**TASK GOAL:** Transcribe the lines below verbatim, skipping the images.

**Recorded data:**
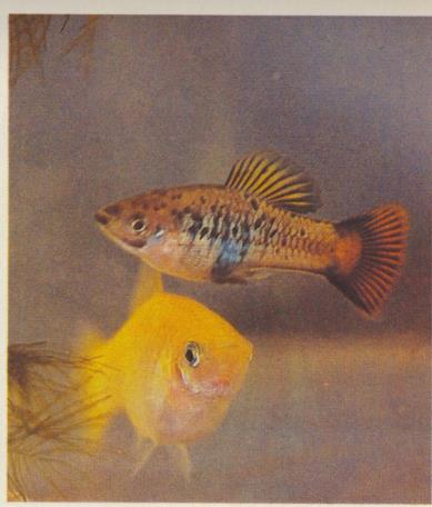 Живородящие рыбки: на верхних снимках пецилии, на нижних снимках меченосцы
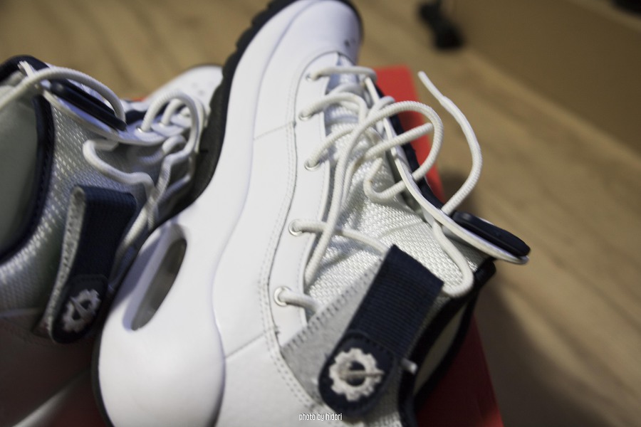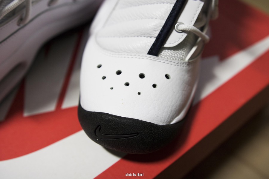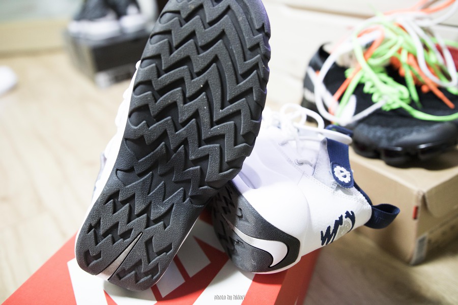 흰빨 제품은 앞코 스우시 부분이 레드칼라로 박혀있는데, 흰남 제품은 각인만 되어 있습니다. 다른 메이커들은 로고가 많이 붙어있으면 보기 싫지만, 나이키의 스우시는 덕지덕지 붙어있어도 예쁩니다.
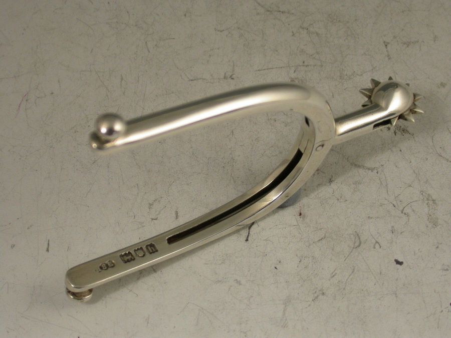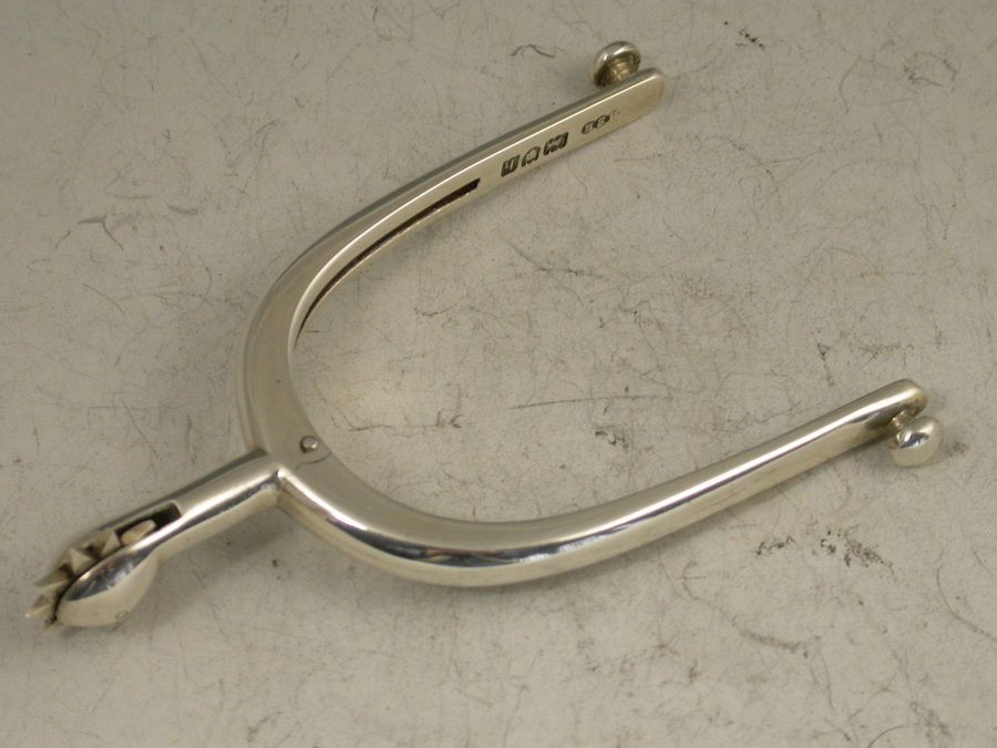 A pair of Edwardian novelty silver Sugar Tongs formed as a Spur with sprung closing mechanism and revolving spiked wheel.
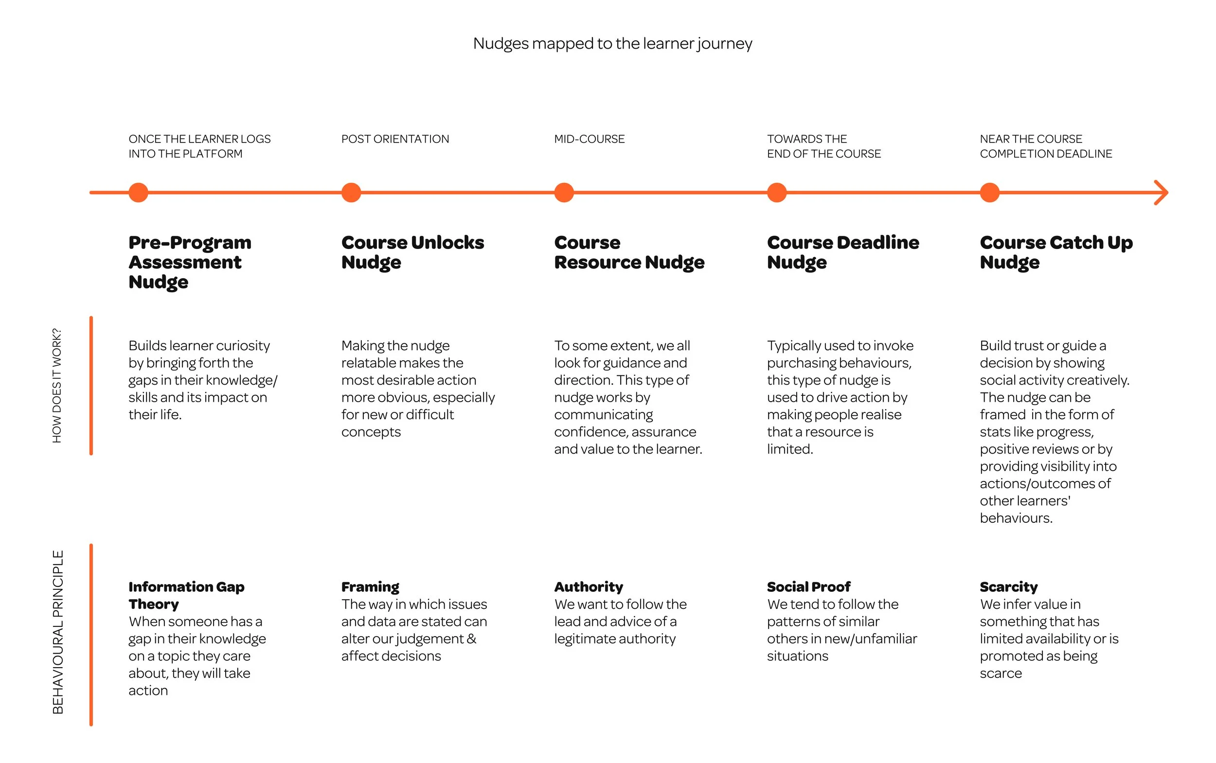 Nudges were reminders to motivate the learners to start and continue learning during the online courses. These were contextualised, rooted in behavioural principles and mapped to different points of the learning journey.
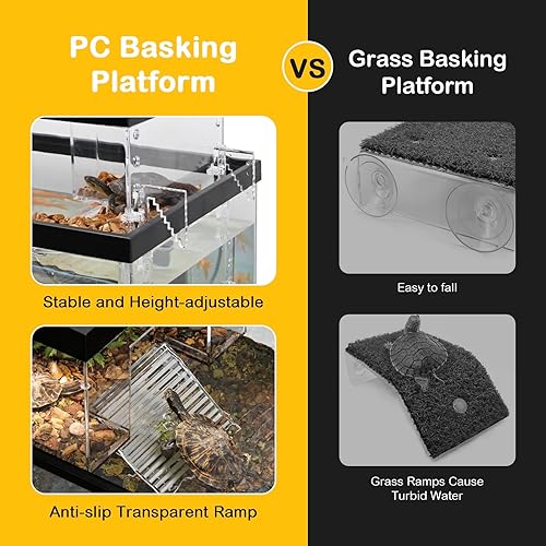 Keeps Tank Clean: The surface is free from impurities, unlike traditional water grass ramps, helping to maintain water clarity and promote your turtle's health. The ramp is designed with high and low bumps and grooves for better slip resistance
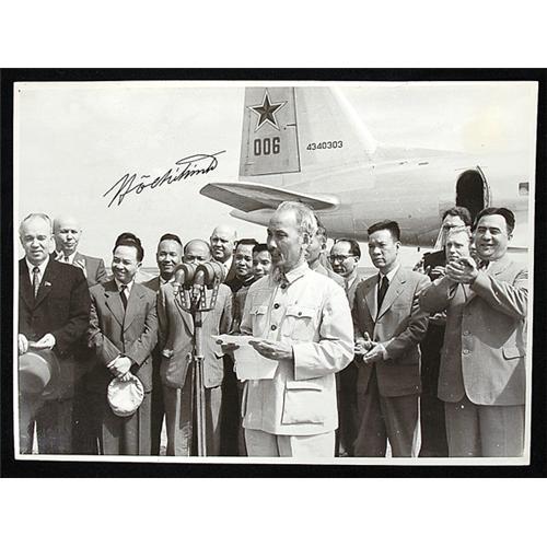 <Our item number 141051><B>Ho Chi Minh.</B> (1890-1969) First president of North Vietnam (1954-69) Victorious in the French Indochina War (1946-54), the communist leader led North Vietnam's struggle to defeat the U.S.-supported government in South Vietnam. Black-and-white photograph signed, 6¾ x 9¼ in., n.p., n.d. A three-quarter portrait of the North Vietnamese president delivering an address. Small crease at upper corner, else fine. <BR>Estimated Value $500 - 600. <BR><BR>Our item number 141051<BR><IMAGES><P ALIGN="CENTER"><IMG SRC="http://www.goldbergcoins.net/liveauction/49jpegs/141051.jpg"> </P></IMAGES>
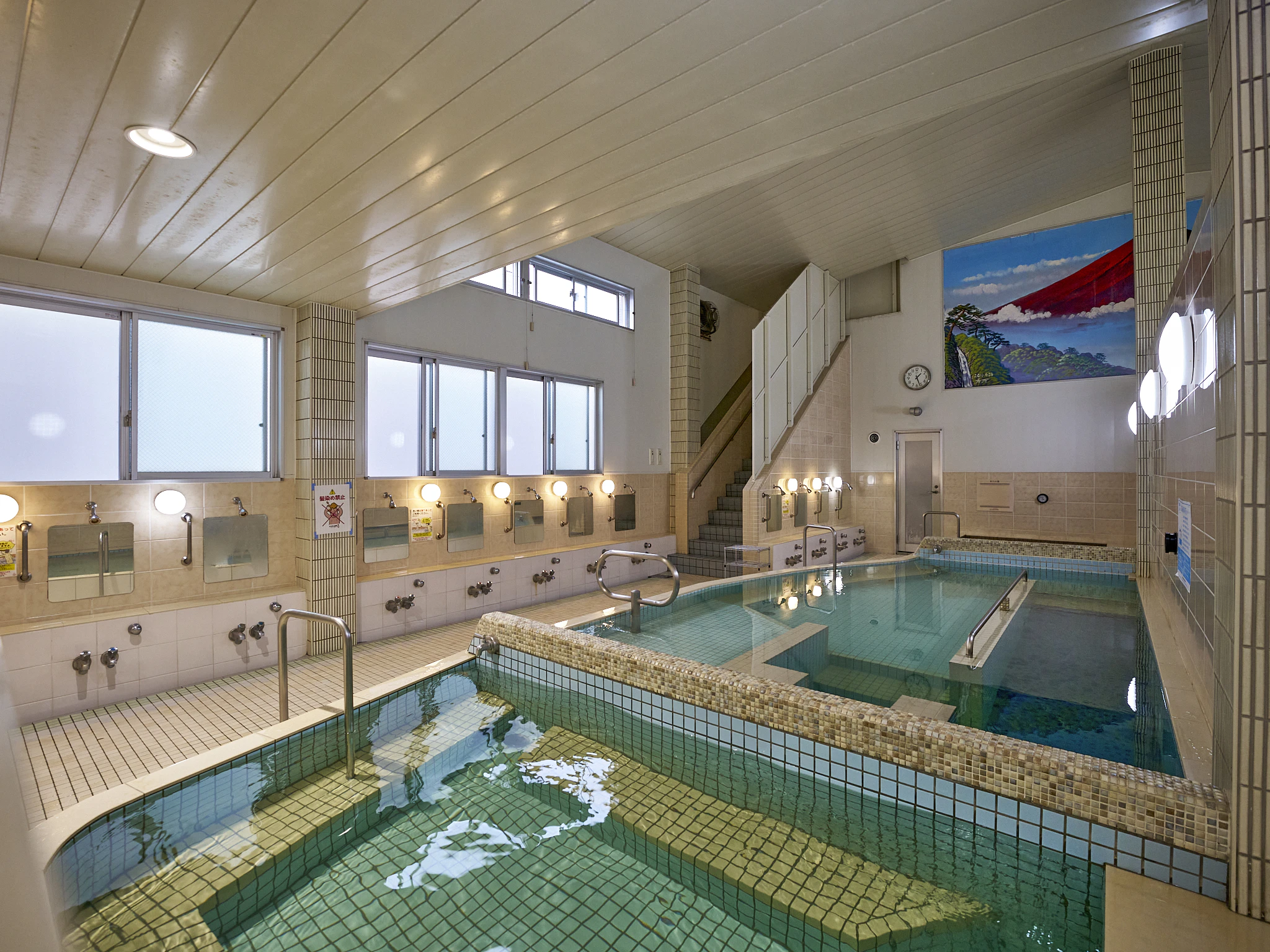 浴室はピカピカ!奥のタイル絵には赤富士が見え、落ち着いた雰囲気をかもし出しています。洗い場と浴槽の間のスペースが広いのもうれしい点です。

**PROBLEM SOLUTION:**
 Живородящие рыбки: на верхних снимках пецилии, на нижних снимках меченосцы
 흰빨 제품은 앞코 스우시 부분이 레드칼라로 박혀있는데, 흰남 제품은 각인만 되어 있습니다. 다른 메이커들은 로고가 많이 붙어있으면 보기 싫지만, 나이키의 스우시는 덕지덕지 붙어있어도 예쁩니다.
 A pair of Edwardian novelty silver Sugar Tongs formed as a Spur with sprung closing mechanism and revolving spiked wheel.
 Nudges were reminders to motivate the learners to start and continue learning during the online courses. These were contextualised, rooted in behavioural principles and mapped to different points of the learning journey.
 Keeps Tank Clean: The surface is free from impurities, unlike traditional water grass ramps, helping to maintain water clarity and promote your turtle's health. The ramp is designed with high and low bumps and grooves for better slip resistance
 <Our item number 141051><B>Ho Chi Minh.</B> (1890-1969) First president of North Vietnam (1954-69) Victorious in the French Indochina War (1946-54), the communist leader led North Vietnam's struggle to defeat the U.S.-supported government in South Vietnam. Black-and-white photograph signed, 6¾ x 9¼ in., n.p., n.d. A three-quarter portrait of the North Vietnamese president delivering an address. Small crease at upper corner, else fine. <BR>Estimated Value $500 - 600. <BR><BR>Our item number 141051<BR><IMAGES><P ALIGN="CENTER"><IMG SRC="http://www.goldbergcoins.net/liveauction/49jpegs/141051.jpg"> </P></IMAGES>
 浴室はピカピカ!奥のタイル絵には赤富士が見え、落ち着いた雰囲気をかもし出しています。洗い場と浴槽の間のスペースが広いのもうれしい点です。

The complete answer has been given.